La encontró en el sexto piso del Sanctum escribiendo algo mientras varios papeles y libros estaban abiertos cerca de ella. Debía estar tomando nota de gastos o algo así.
El sexto piso no se usaba mucho, por lo que Damián lo había separado en seis partes iguales para servir como oficinas/habitaciones temporales para los seis jefes del Santuario. El pasillo exterior tenía las ventanas del escudo de aire. Damián usó un agujero de gusano para entrar por allí y llamó a la puerta de la oficina de Evrin.
Después de una discusión muy extensa de 20 minutos, Damián la había convencido de gastar una gran cantidad de sus reservas para comprar una gran cantidad de plata. Damián prometió buenos beneficios de la infraestructura que iban a construir. Ella finalmente tenía suficientes reservas para estar un poco relajada sobre los gastos y ahora solo tenían lo suficiente para durar el año.
Damián volvió y revisó el informe que las dos damas nobles estaban preparando; era lo suficientemente bueno.
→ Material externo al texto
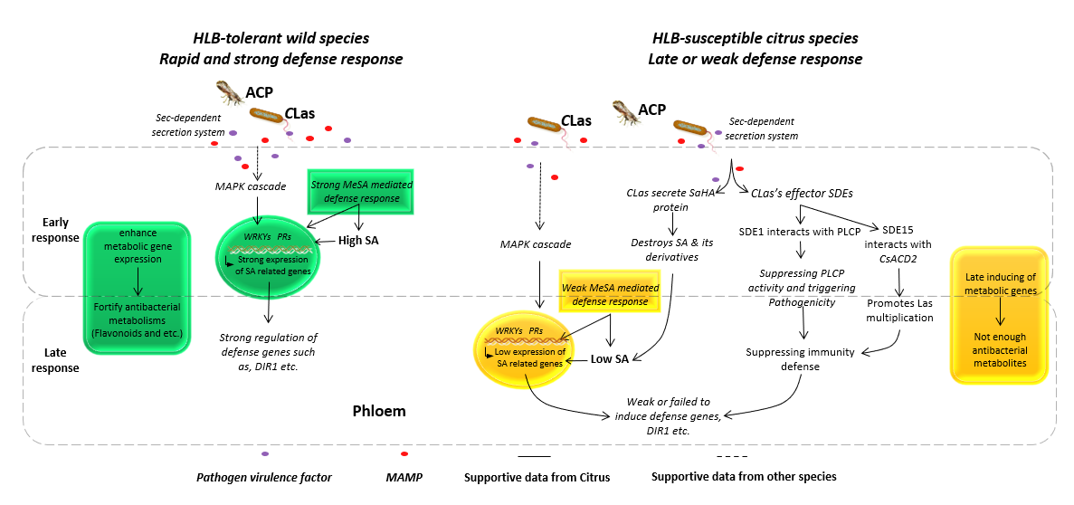 2021年12月,丁芳副教授、美国佛罗里达大学CREC Wang Nian教授、我校园艺林学学院徐强教授为共同通讯作者,在国际学术期刊PLoS Pathogens 发表了题为“Molecular signatures between citrus and Candidatus Liberibacter asiaticus”一文,该文从黄龙病菌基因组特点及可能的致病因子入手,系统论述了黄龙病菌致病分子机制,并从柑橘转录组学、蛋白质组学及代谢组学方面论述了黄龙病菌参与致病及其与柑橘寄主互作的特点,指明了未来柑橘黄龙病研究的重点方向,特别是柑橘抗/耐病资源挖掘、免疫调控和遗传改良等方面。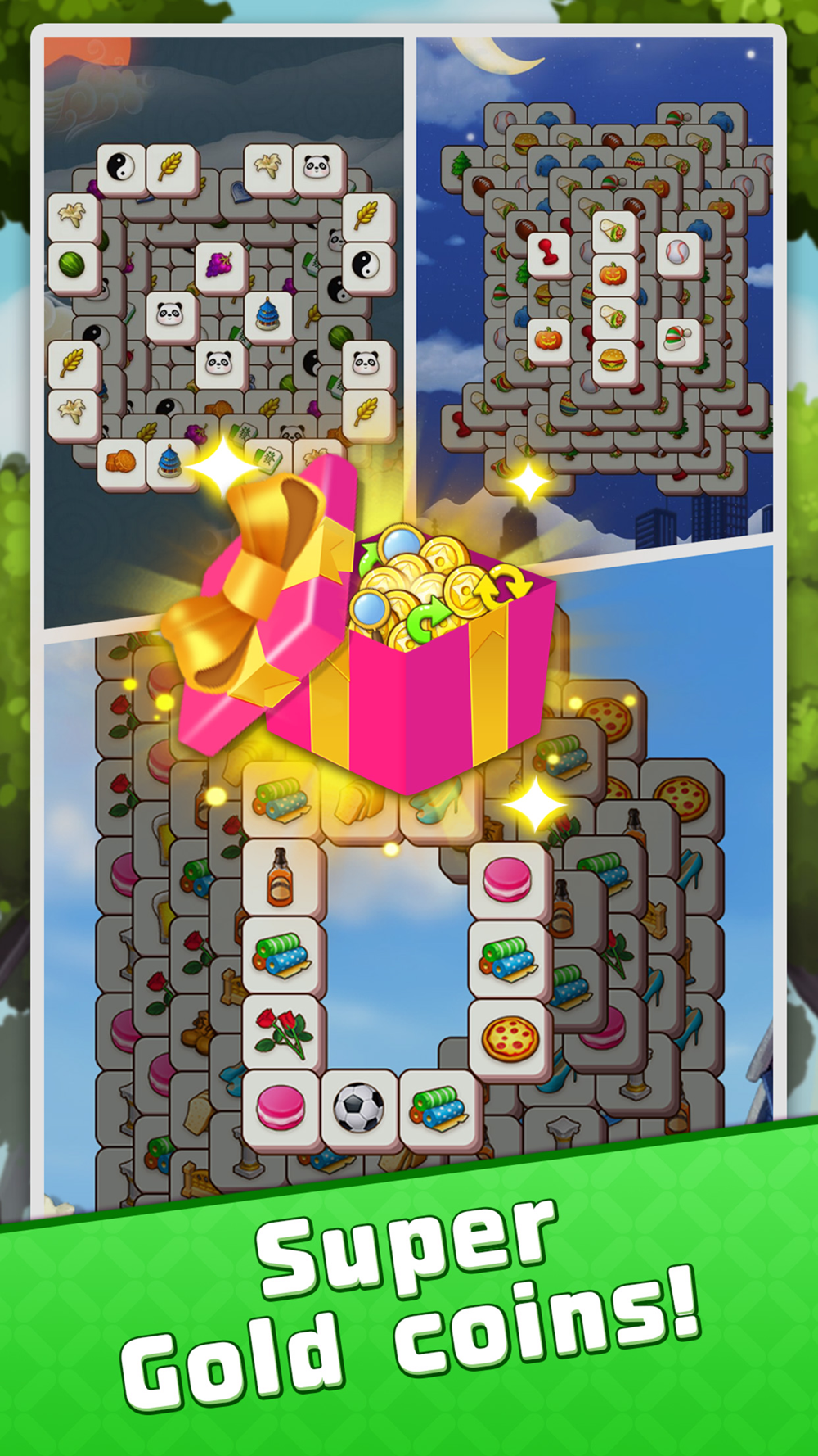 Hundreds of game levels and various themes make the game exciting! Match 3 tiles and eliminate all tiles, then you win the pass! More challenging levels are waiting for you to explore and experience!

Dio luz verde para que fuera escrito con esmero y distribuido a todos los equipos capaces que iban a entrar en la mazmorra en la que había estado ayer.
Damián quería que un número máximo de personas entraran diariamente sin perder a nadie y llegaran al nivel 17 para conseguir este lagarto mecánico para él. Si nadie moría en el grupo, su plano de mazmorra no se arreglaría, y cada vez que entraran a la mazmorra se renovaría para ellos. Tendría un suministro ilimitado de este nuevo metal azul claro.
Damián le dijo a Serafina y Celestine que continuaran con su trabajo como Agatha y Valen. Damián mismo abrió rápidamente un portal a la misma isla aleatoria donde él y Lucian habían pasado la noche una vez y sacó el lagarto mecánico gigante.
Su objetivo era encontrar la mejor manera de separar este metal de la bestia y hervirlo para eliminar impurezas y luego recogerlo en forma de lingotes, cambiando su forma para que fuera más fácil de almacenar y trabajar.